* Your task *
Retype only the lines running from the beginning of the entries below to the line with "En medio del", both included. Do not include pictures.

[Recorded data]
------------------------------
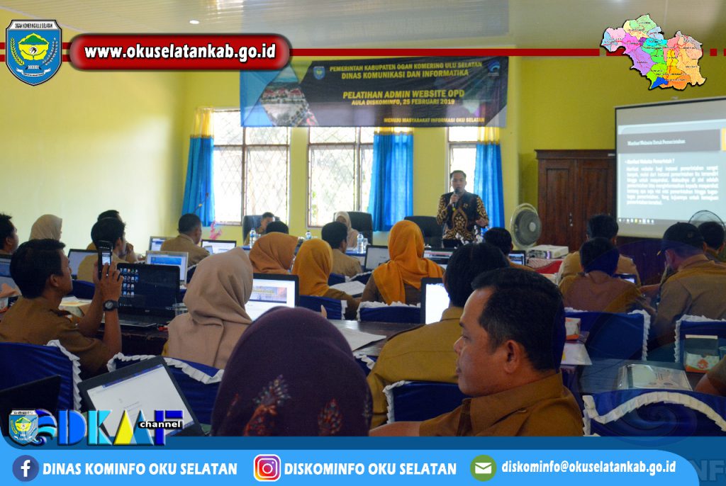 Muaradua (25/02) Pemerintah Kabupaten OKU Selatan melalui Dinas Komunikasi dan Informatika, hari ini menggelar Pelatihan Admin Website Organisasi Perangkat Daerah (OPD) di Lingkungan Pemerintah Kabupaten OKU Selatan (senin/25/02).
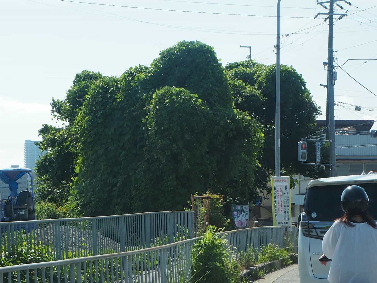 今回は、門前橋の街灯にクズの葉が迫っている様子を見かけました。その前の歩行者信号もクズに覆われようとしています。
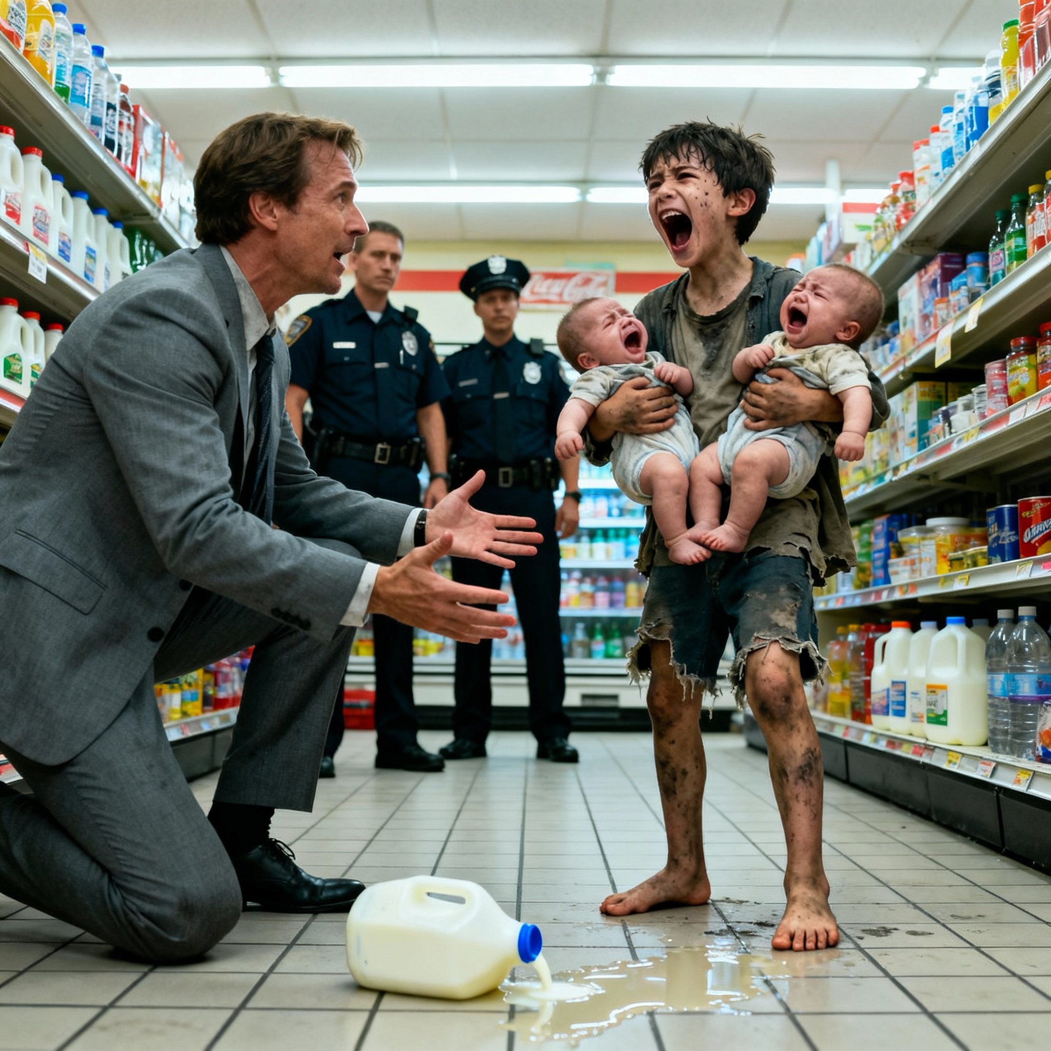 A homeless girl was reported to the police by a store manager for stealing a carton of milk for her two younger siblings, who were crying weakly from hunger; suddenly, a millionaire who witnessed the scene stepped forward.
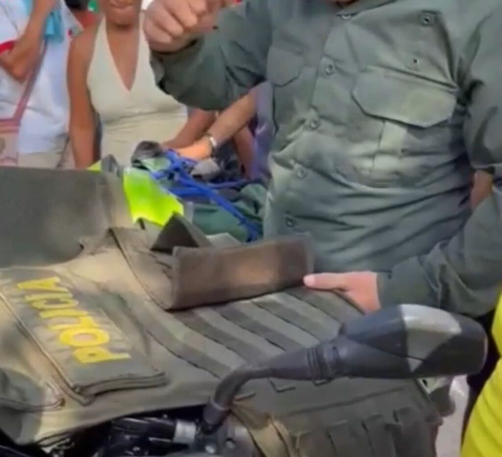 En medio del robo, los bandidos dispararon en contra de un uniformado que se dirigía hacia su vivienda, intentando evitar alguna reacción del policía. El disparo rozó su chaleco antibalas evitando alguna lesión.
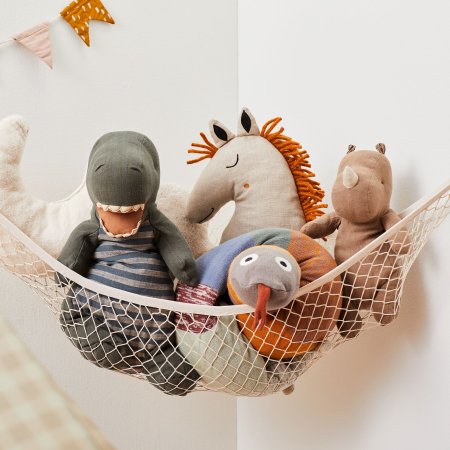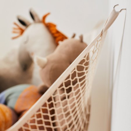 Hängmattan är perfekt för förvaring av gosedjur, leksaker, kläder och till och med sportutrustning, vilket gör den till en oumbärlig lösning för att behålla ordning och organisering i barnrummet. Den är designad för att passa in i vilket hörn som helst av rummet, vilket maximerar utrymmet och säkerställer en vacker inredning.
------------------------------
* Task result *
 Muaradua (25/02) Pemerintah Kabupaten OKU Selatan melalui Dinas Komunikasi dan Informatika, hari ini menggelar Pelatihan Admin Website Organisasi Perangkat Daerah (OPD) di Lingkungan Pemerintah Kabupaten OKU Selatan (senin/25/02).
 今回は、門前橋の街灯にクズの葉が迫っている様子を見かけました。その前の歩行者信号もクズに覆われようとしています。
 A homeless girl was reported to the police by a store manager for stealing a carton of milk for her two younger siblings, who were crying weakly from hunger; suddenly, a millionaire who witnessed the scene stepped forward.
 En medio del robo, los bandidos dispararon en contra de un uniformado que se dirigía hacia su vivienda, intentando evitar alguna reacción del policía. El disparo rozó su chaleco antibalas evitando alguna lesión.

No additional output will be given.